How to complete this task
Starting from the top of the entries below and ending with the line containing "AUTOMATISCHE VEILIGHEIDS-UITSCHAKELING: Onze", restate every line word for word, pictures omitted.

Entries taken from a collection
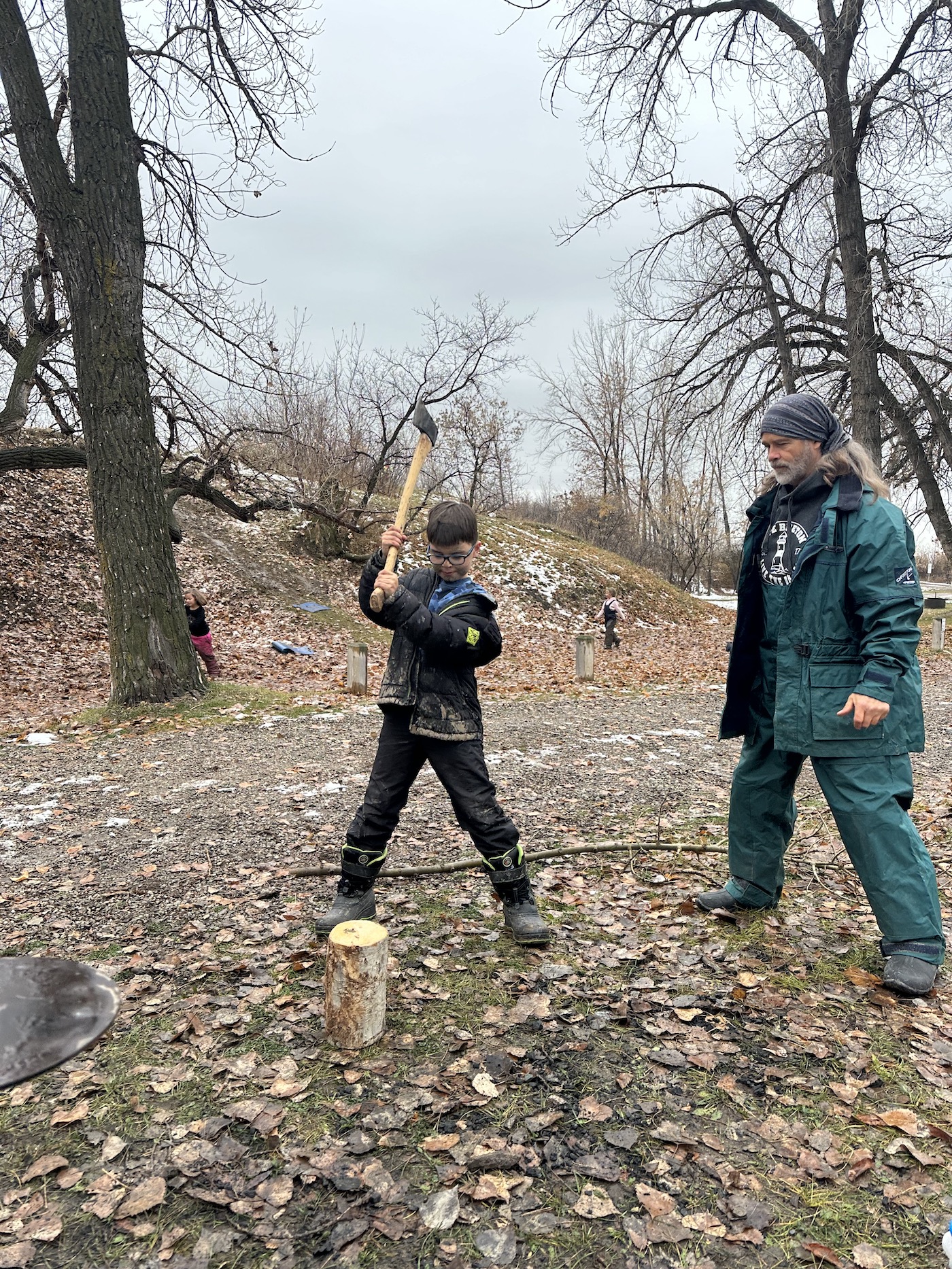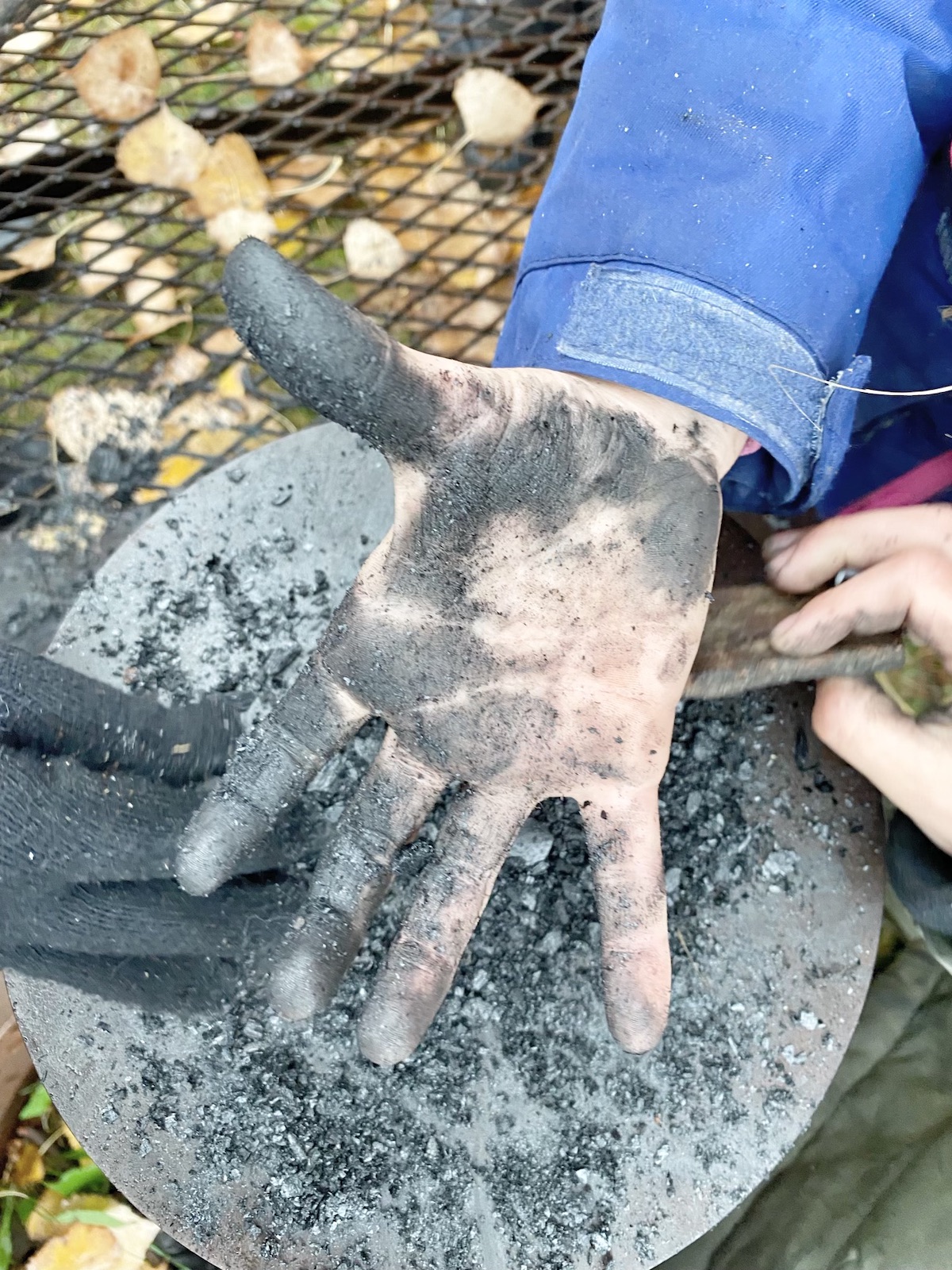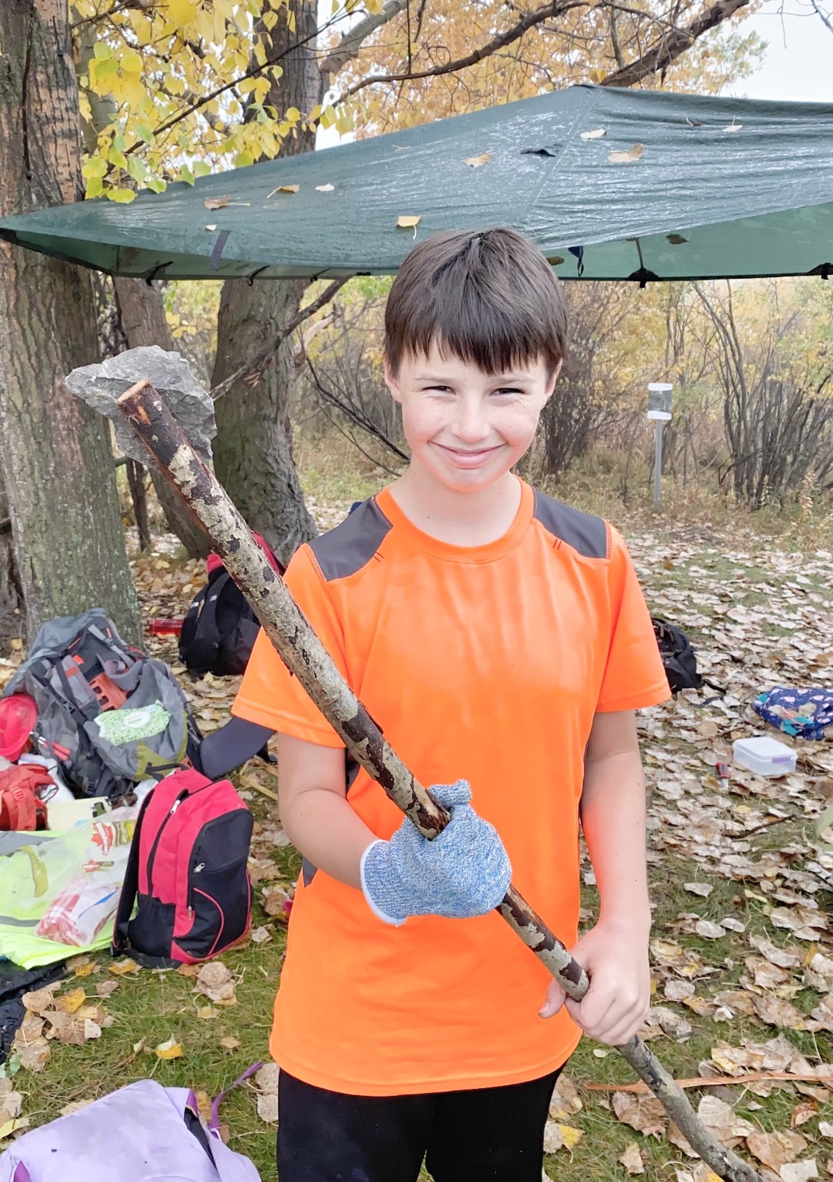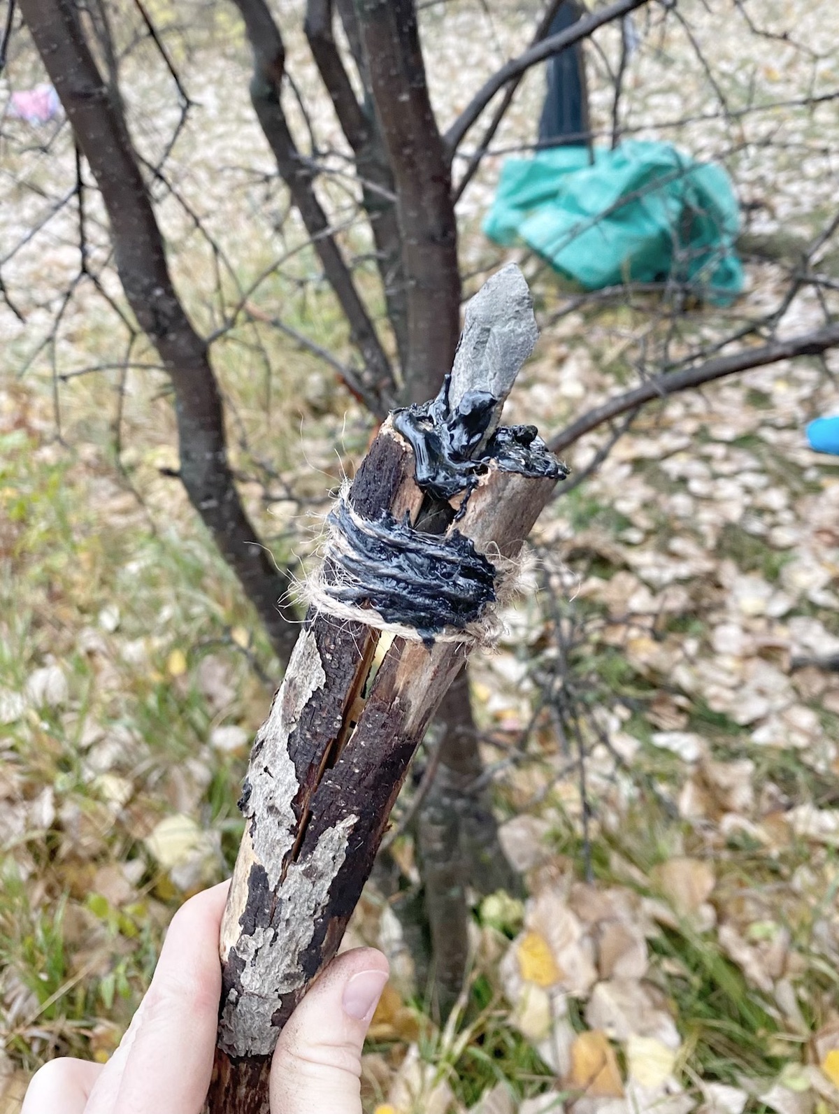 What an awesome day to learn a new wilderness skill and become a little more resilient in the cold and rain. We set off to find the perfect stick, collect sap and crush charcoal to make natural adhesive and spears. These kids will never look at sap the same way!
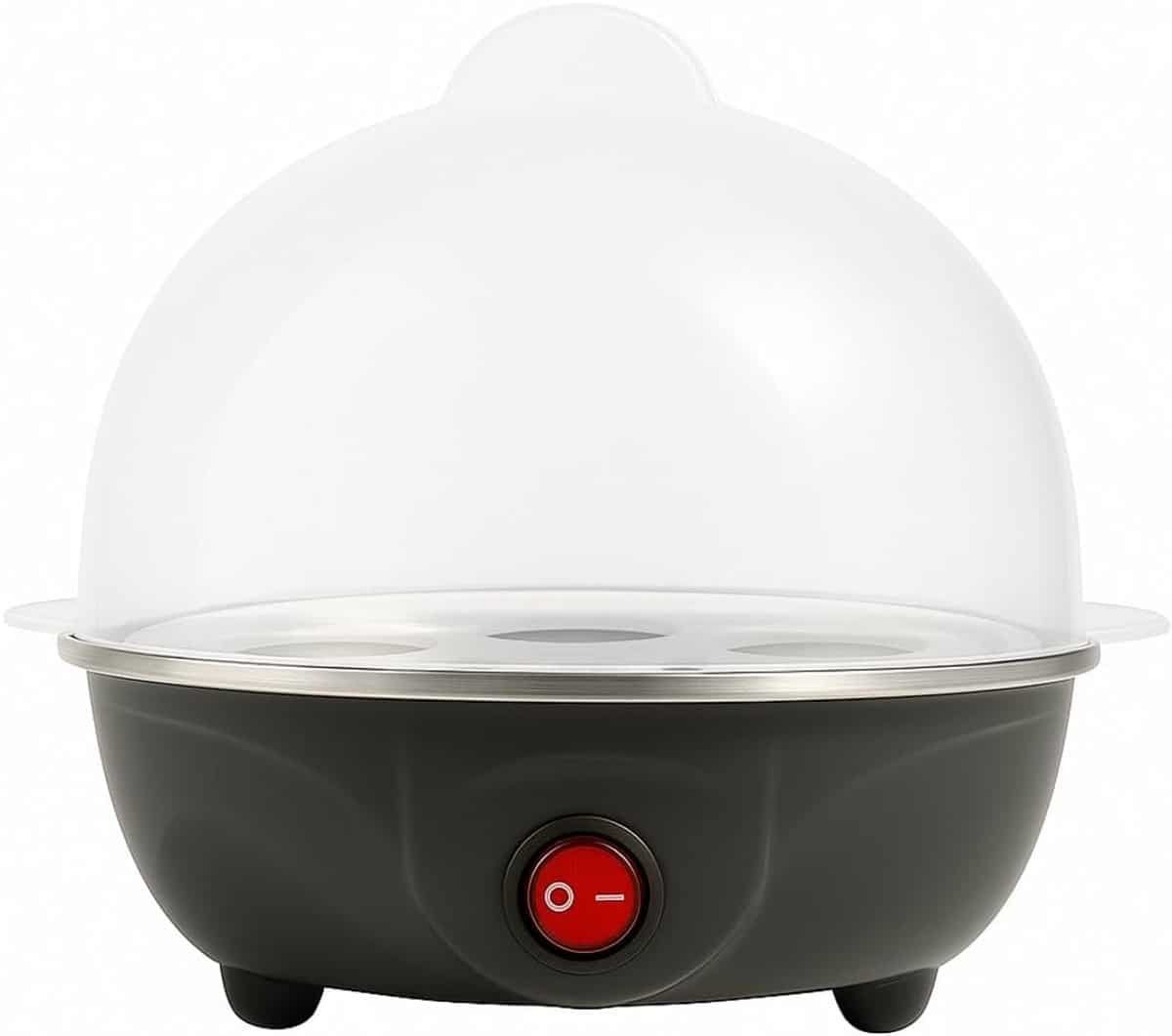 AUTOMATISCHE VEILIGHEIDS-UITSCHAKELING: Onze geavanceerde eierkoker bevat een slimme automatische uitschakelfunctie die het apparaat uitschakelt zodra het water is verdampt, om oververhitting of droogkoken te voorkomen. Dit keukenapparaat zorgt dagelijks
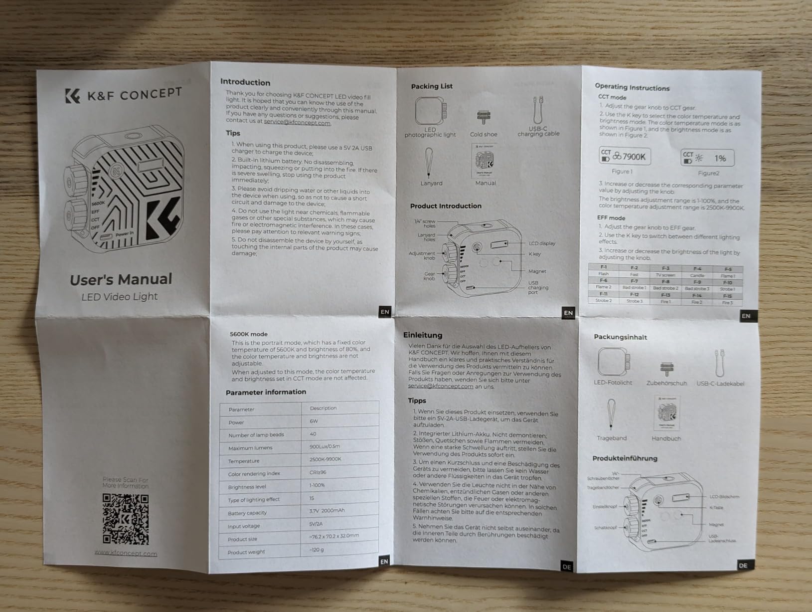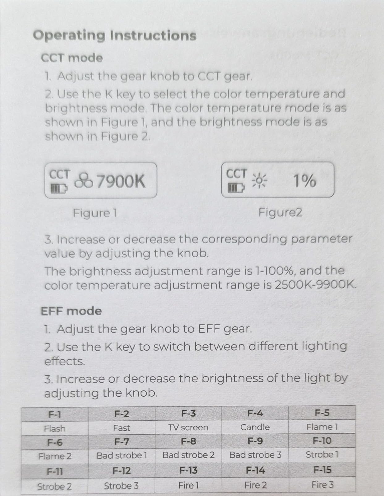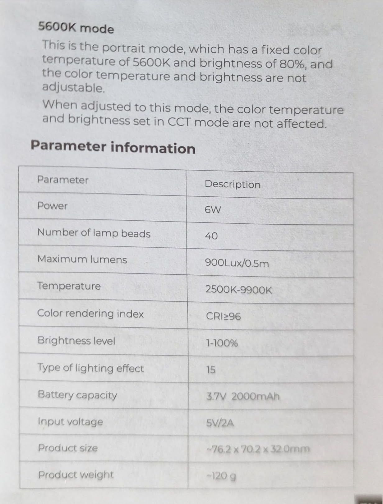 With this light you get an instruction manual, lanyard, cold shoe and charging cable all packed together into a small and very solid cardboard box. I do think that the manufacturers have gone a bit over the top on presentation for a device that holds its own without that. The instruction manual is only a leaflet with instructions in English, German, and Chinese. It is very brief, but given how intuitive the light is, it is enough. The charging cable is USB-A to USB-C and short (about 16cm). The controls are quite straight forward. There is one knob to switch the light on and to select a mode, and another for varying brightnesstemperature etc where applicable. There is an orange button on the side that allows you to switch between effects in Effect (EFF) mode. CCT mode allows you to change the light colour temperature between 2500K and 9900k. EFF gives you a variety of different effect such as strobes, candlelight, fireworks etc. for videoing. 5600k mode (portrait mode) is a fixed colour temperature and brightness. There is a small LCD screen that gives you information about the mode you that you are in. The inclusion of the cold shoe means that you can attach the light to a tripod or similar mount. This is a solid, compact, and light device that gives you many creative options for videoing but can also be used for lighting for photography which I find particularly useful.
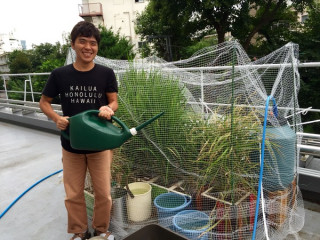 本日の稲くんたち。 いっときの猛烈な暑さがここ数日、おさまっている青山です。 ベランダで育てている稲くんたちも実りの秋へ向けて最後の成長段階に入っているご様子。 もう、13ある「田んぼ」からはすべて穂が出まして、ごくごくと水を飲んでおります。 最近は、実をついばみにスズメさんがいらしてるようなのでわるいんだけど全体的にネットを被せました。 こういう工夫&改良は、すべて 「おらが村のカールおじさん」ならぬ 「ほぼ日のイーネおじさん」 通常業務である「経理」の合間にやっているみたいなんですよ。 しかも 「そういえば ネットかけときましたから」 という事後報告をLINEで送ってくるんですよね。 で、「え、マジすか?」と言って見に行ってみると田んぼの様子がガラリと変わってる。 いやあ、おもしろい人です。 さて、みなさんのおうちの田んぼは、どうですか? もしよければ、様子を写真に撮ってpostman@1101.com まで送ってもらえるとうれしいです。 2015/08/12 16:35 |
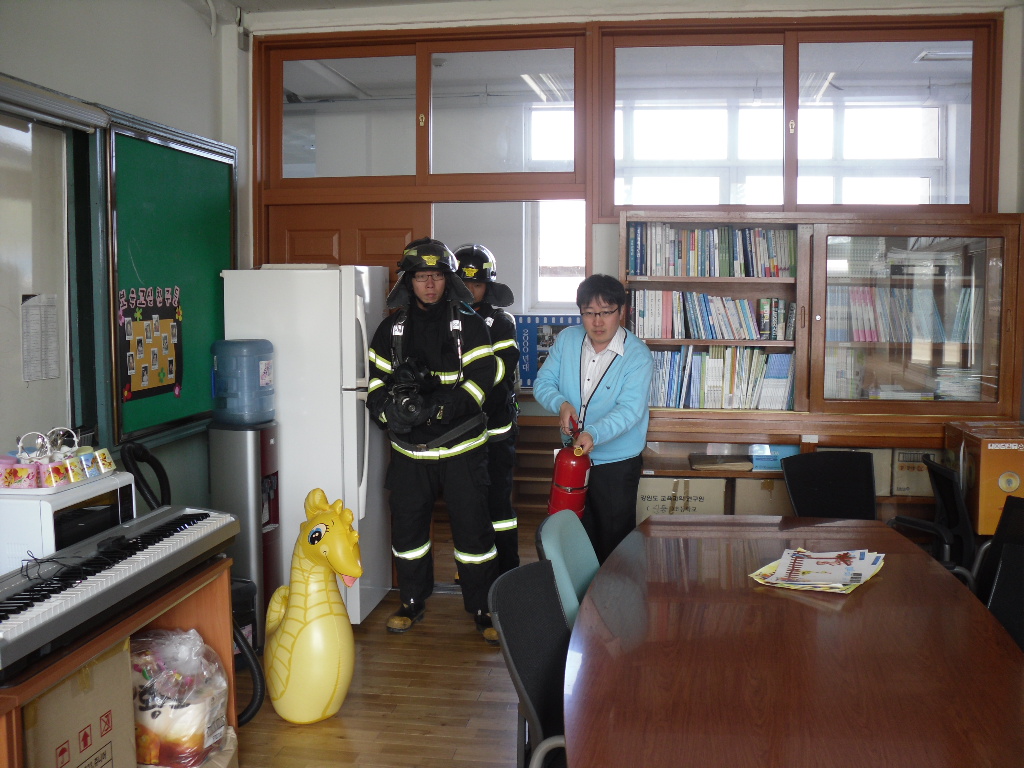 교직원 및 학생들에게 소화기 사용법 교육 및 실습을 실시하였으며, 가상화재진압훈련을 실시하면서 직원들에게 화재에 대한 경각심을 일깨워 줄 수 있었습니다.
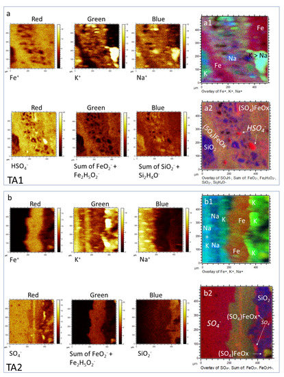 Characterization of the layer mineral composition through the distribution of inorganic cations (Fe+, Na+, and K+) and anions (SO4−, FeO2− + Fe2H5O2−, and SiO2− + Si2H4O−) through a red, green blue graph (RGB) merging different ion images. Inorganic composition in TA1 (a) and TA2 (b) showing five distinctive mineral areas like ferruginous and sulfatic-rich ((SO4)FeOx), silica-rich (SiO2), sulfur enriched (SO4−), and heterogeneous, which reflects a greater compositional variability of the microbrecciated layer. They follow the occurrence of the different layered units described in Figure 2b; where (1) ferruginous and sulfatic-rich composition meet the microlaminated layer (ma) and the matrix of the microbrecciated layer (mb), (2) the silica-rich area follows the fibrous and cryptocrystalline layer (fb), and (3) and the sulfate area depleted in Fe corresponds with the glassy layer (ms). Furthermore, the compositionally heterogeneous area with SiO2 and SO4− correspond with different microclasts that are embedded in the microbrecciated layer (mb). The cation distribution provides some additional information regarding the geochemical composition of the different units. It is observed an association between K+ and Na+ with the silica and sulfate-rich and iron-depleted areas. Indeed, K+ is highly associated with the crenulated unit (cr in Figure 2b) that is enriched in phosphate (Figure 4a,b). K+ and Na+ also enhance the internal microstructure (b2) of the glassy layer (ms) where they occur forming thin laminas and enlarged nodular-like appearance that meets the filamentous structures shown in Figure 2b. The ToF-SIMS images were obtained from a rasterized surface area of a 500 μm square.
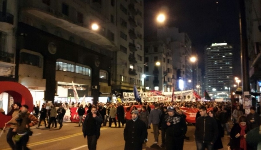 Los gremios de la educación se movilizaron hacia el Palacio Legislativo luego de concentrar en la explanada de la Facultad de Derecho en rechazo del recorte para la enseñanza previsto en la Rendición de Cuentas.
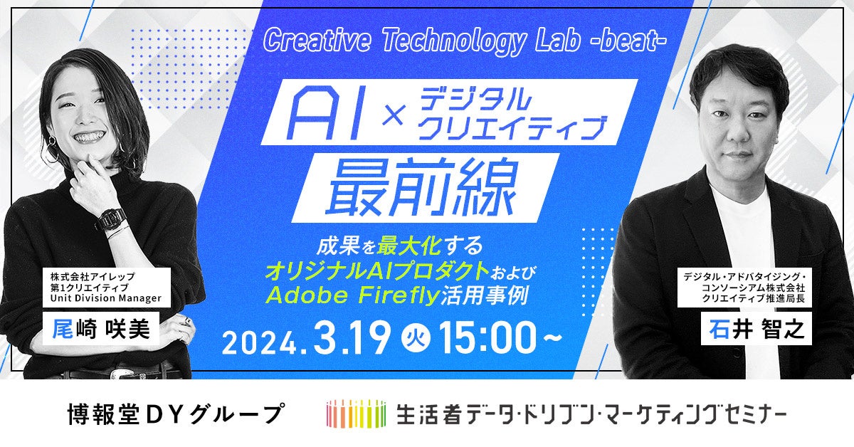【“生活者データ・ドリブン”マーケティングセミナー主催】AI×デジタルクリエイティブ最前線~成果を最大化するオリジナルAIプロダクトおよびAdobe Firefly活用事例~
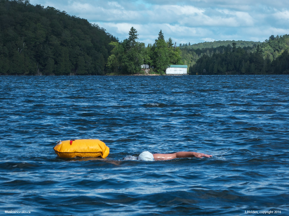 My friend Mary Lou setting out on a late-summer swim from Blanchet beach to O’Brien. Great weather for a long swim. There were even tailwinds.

Written response
 What an awesome day to learn a new wilderness skill and become a little more resilient in the cold and rain. We set off to find the perfect stick, collect sap and crush charcoal to make natural adhesive and spears. These kids will never look at sap the same way!
 AUTOMATISCHE VEILIGHEIDS-UITSCHAKELING: Onze geavanceerde eierkoker bevat een slimme automatische uitschakelfunctie die het apparaat uitschakelt zodra het water is verdampt, om oververhitting of droogkoken te voorkomen. Dit keukenapparaat zorgt dagelijks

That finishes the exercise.